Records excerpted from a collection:

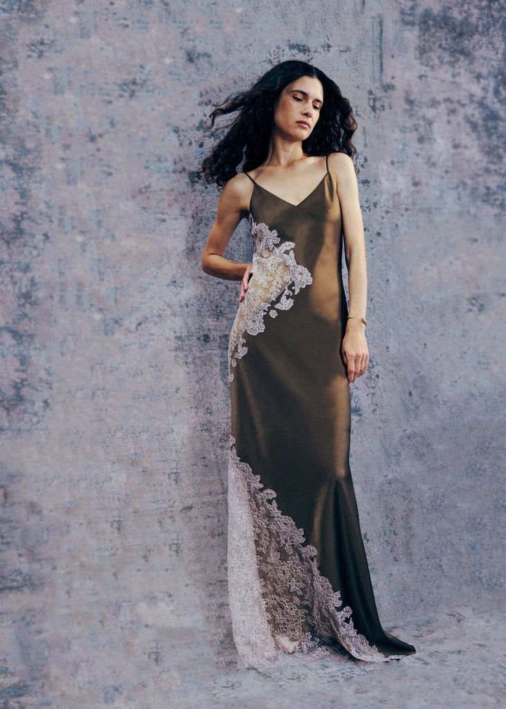 amal gown in dark green lace combo
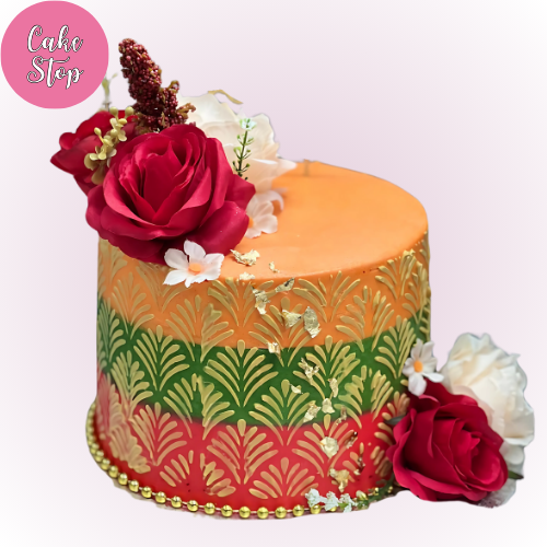 A stunning cake featuring a bold, vibrant gradient of orange and green, decorated with beautiful red roses and delicate white flowers. The cake is finished with gold accents and a bead border, creating a regal and festive look perfect for special occasions.
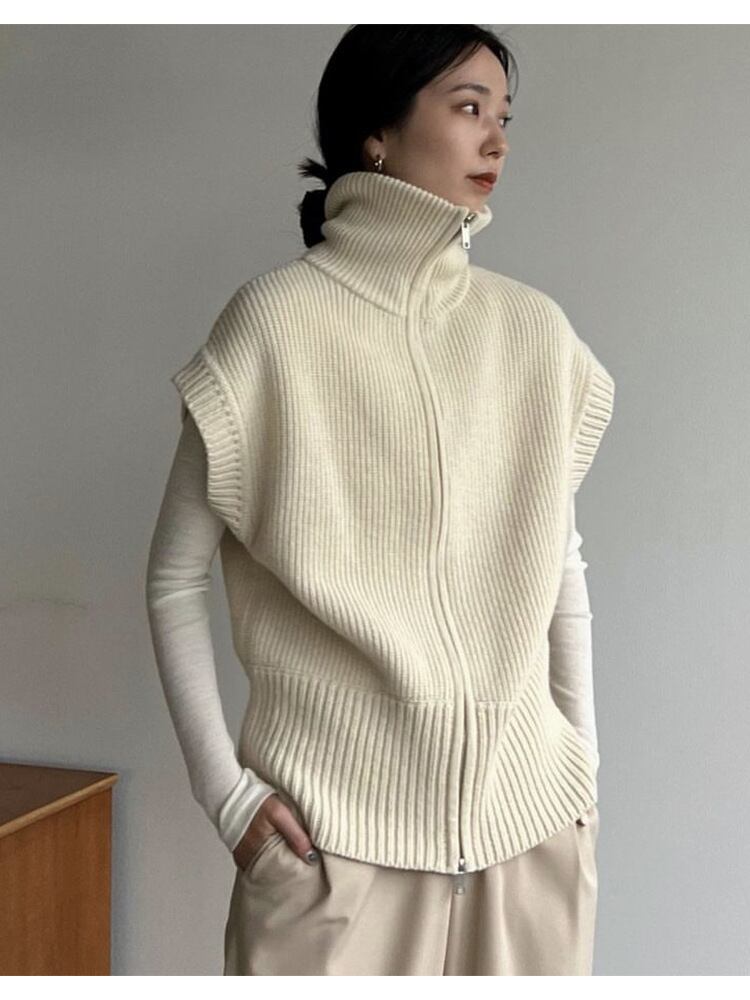レディース トップス ベスト ニットカーディガン ミディアム丈 7分袖 タートルネック Aライン ダブルジップ ファスナー リブニット 編み込み 中厚手 ニット ウール きれいめ シンプル カジュアル レトロ 個性的 存在感 無地 秋 冬 通勤 学校 通学 お出かけ イベント 休日 重ね着 暖かい 防寒 普段使い トレンド S M L 黒 オフホワイト
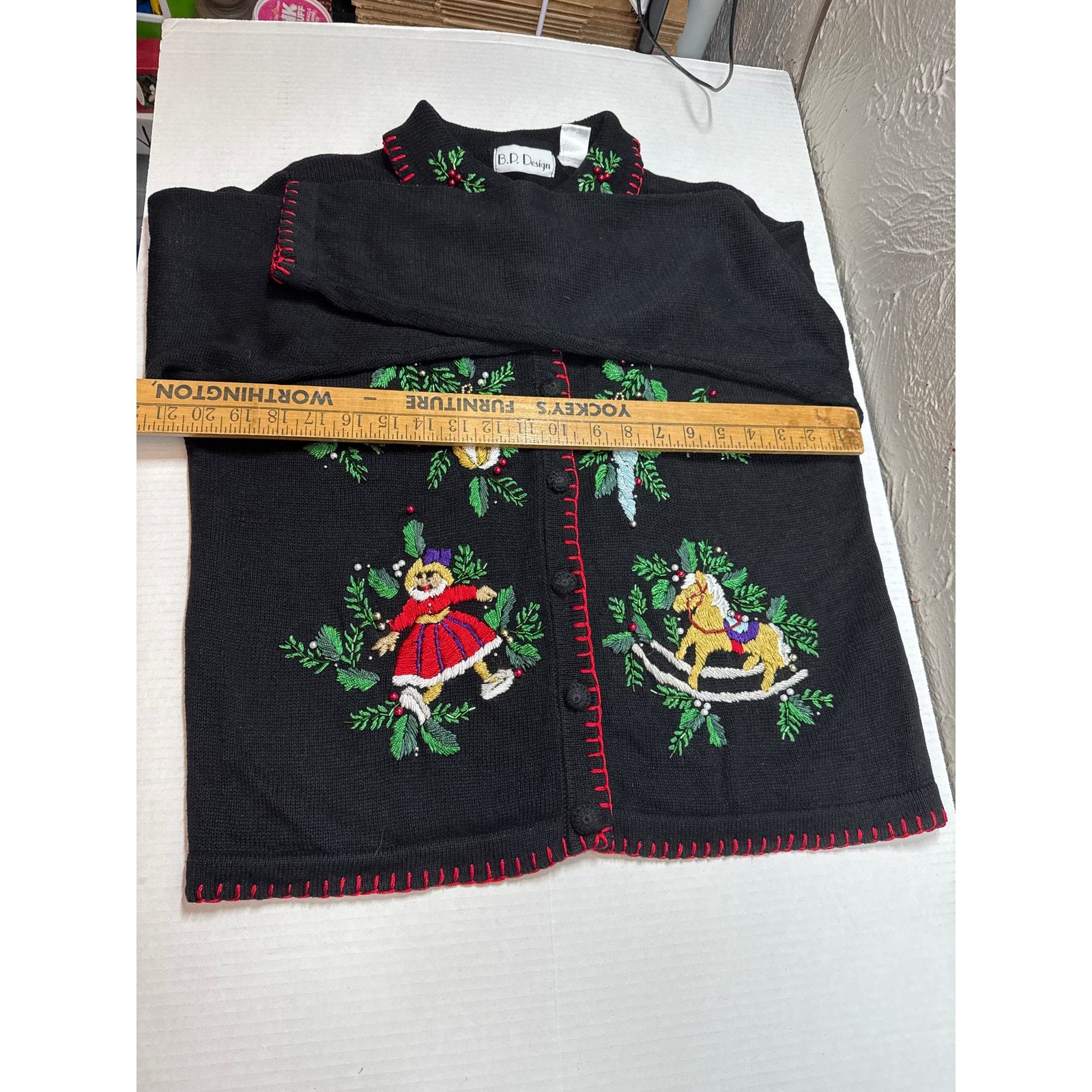 BP Design Ornaments Christmas Beaded Embroidered Knit Cardigan Sweater SZ Large
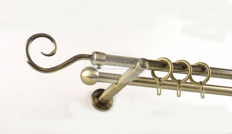 A SOPRON óarany színű, 300 cm-es, 2 rudas, modern tartós fém karnis szett tartalma: 2 db 300 cm-es óarany fém karnisrúd 2 db Sopron típusú óarany színű fém végzáró 2 db Veszprém típusú kis gömb végzáró 3 db falra szerelhető modern fém konzol 60 db óarany színű műanyag karika ráncszedő kampóval
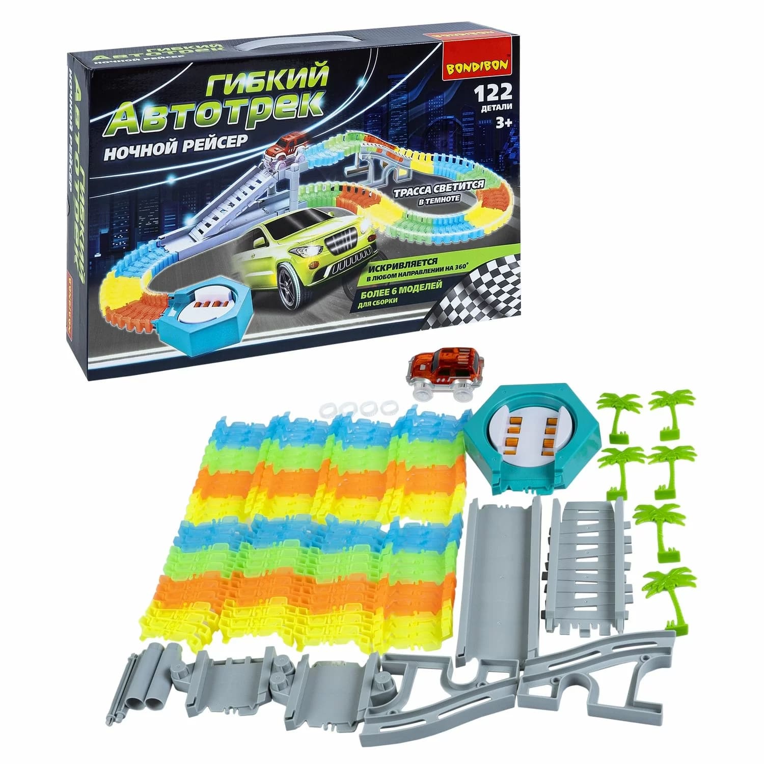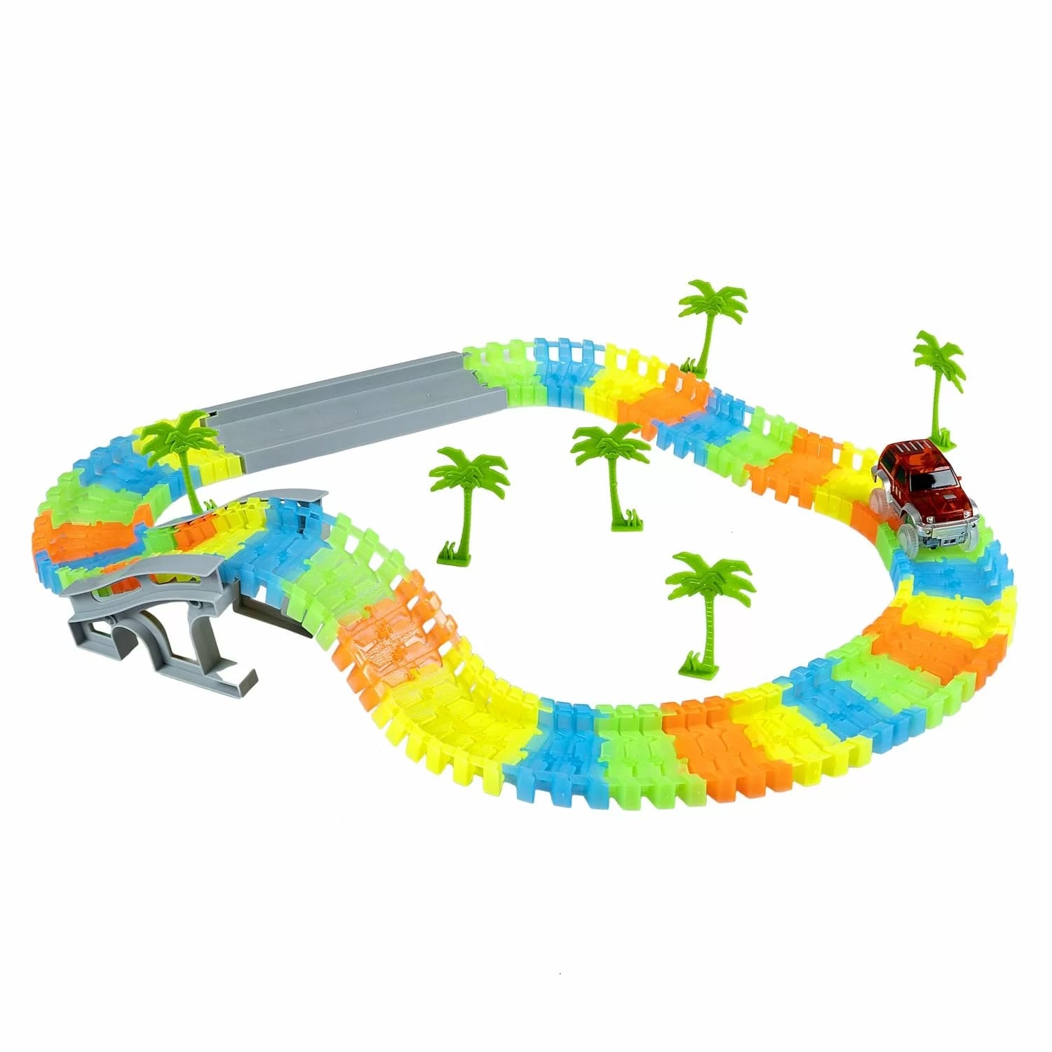 В набор входят: 96 флуоресцентных деталей для сборки дороги, 14 деталей для сборки моста, поворотный механизм, светящаяся гоночная машина, 4 шины, 6 деревьев. Понадобится батарейка АА (не входит в набор).
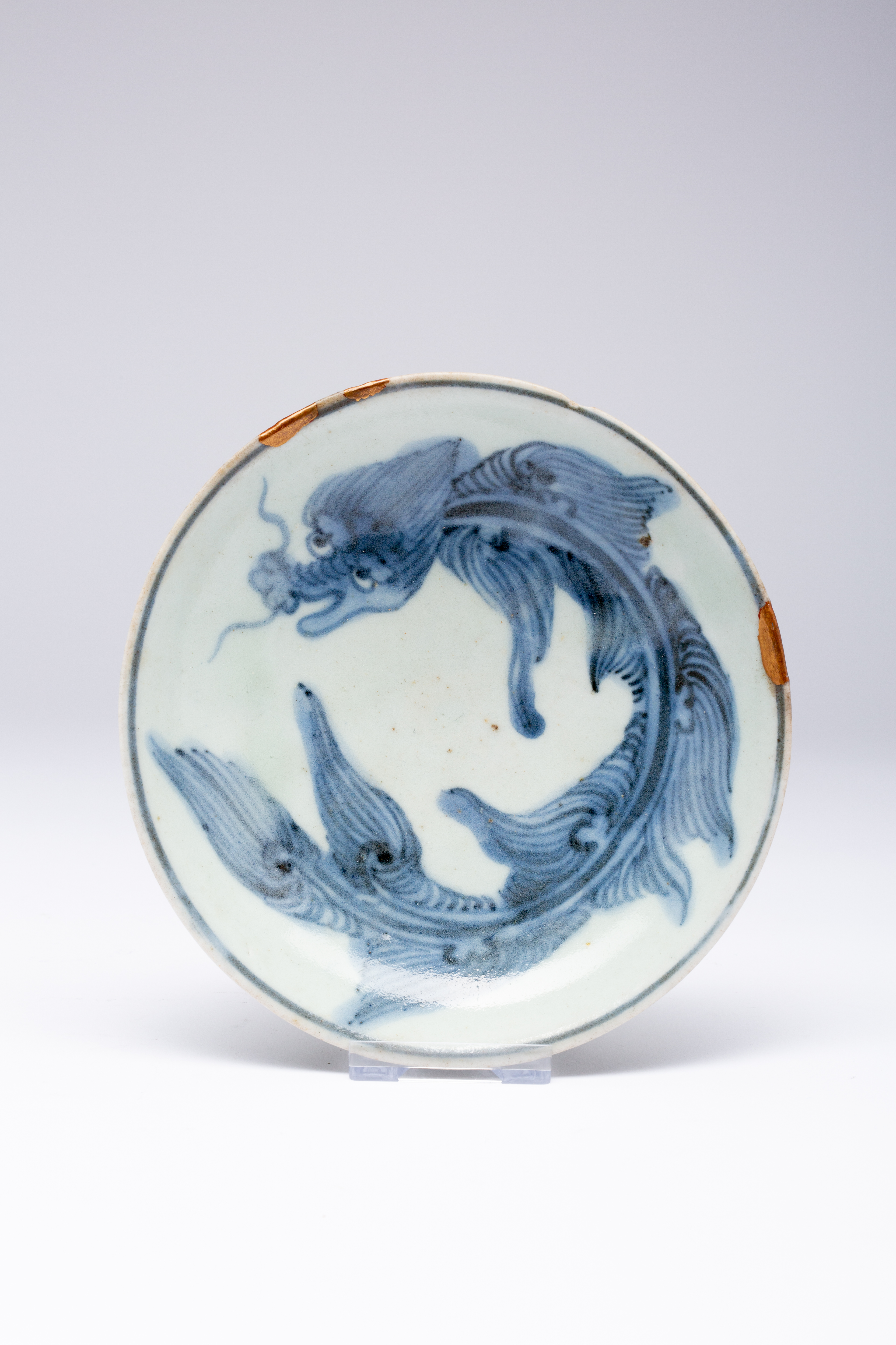 Decorated in underglaze blue with a highly stylised fish-dragon, the mythical beast depicted with multiple fins and a long curved body, the rim with three reddish kintsugi lacquer repairs; raised on a small unglazed foot, 14.2cm.
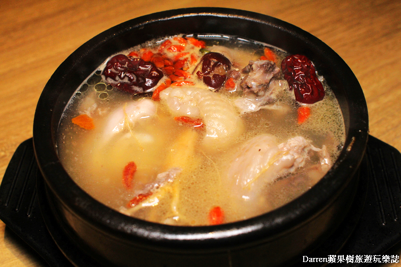 熱呼呼的蔘雞湯入口超級暖胃,土雞腿肉Q彈有嚼勁,不會有很重的中藥味,喜歡喝湯的朋友可別錯過了唷

▶ _WHAT IS EXPECTED_
The reply must contain every entry above, exactly as written, and none of the pictures.

▶ _ANSWER TO THIS PROBLEM_
 amal gown in dark green lace combo
 A stunning cake featuring a bold, vibrant gradient of orange and green, decorated with beautiful red roses and delicate white flowers. The cake is finished with gold accents and a bead border, creating a regal and festive look perfect for special occasions.
レディース トップス ベスト ニットカーディガン ミディアム丈 7分袖 タートルネック Aライン ダブルジップ ファスナー リブニット 編み込み 中厚手 ニット ウール きれいめ シンプル カジュアル レトロ 個性的 存在感 無地 秋 冬 通勤 学校 通学 お出かけ イベント 休日 重ね着 暖かい 防寒 普段使い トレンド S M L 黒 オフホワイト
 BP Design Ornaments Christmas Beaded Embroidered Knit Cardigan Sweater SZ Large
 A SOPRON óarany színű, 300 cm-es, 2 rudas, modern tartós fém karnis szett tartalma: 2 db 300 cm-es óarany fém karnisrúd 2 db Sopron típusú óarany színű fém végzáró 2 db Veszprém típusú kis gömb végzáró 3 db falra szerelhető modern fém konzol 60 db óarany színű műanyag karika ráncszedő kampóval
 В набор входят: 96 флуоресцентных деталей для сборки дороги, 14 деталей для сборки моста, поворотный механизм, светящаяся гоночная машина, 4 шины, 6 деревьев. Понадобится батарейка АА (не входит в набор).
 Decorated in underglaze blue with a highly stylised fish-dragon, the mythical beast depicted with multiple fins and a long curved body, the rim with three reddish kintsugi lacquer repairs; raised on a small unglazed foot, 14.2cm.
 熱呼呼的蔘雞湯入口超級暖胃,土雞腿肉Q彈有嚼勁,不會有很重的中藥味,喜歡喝湯的朋友可別錯過了唷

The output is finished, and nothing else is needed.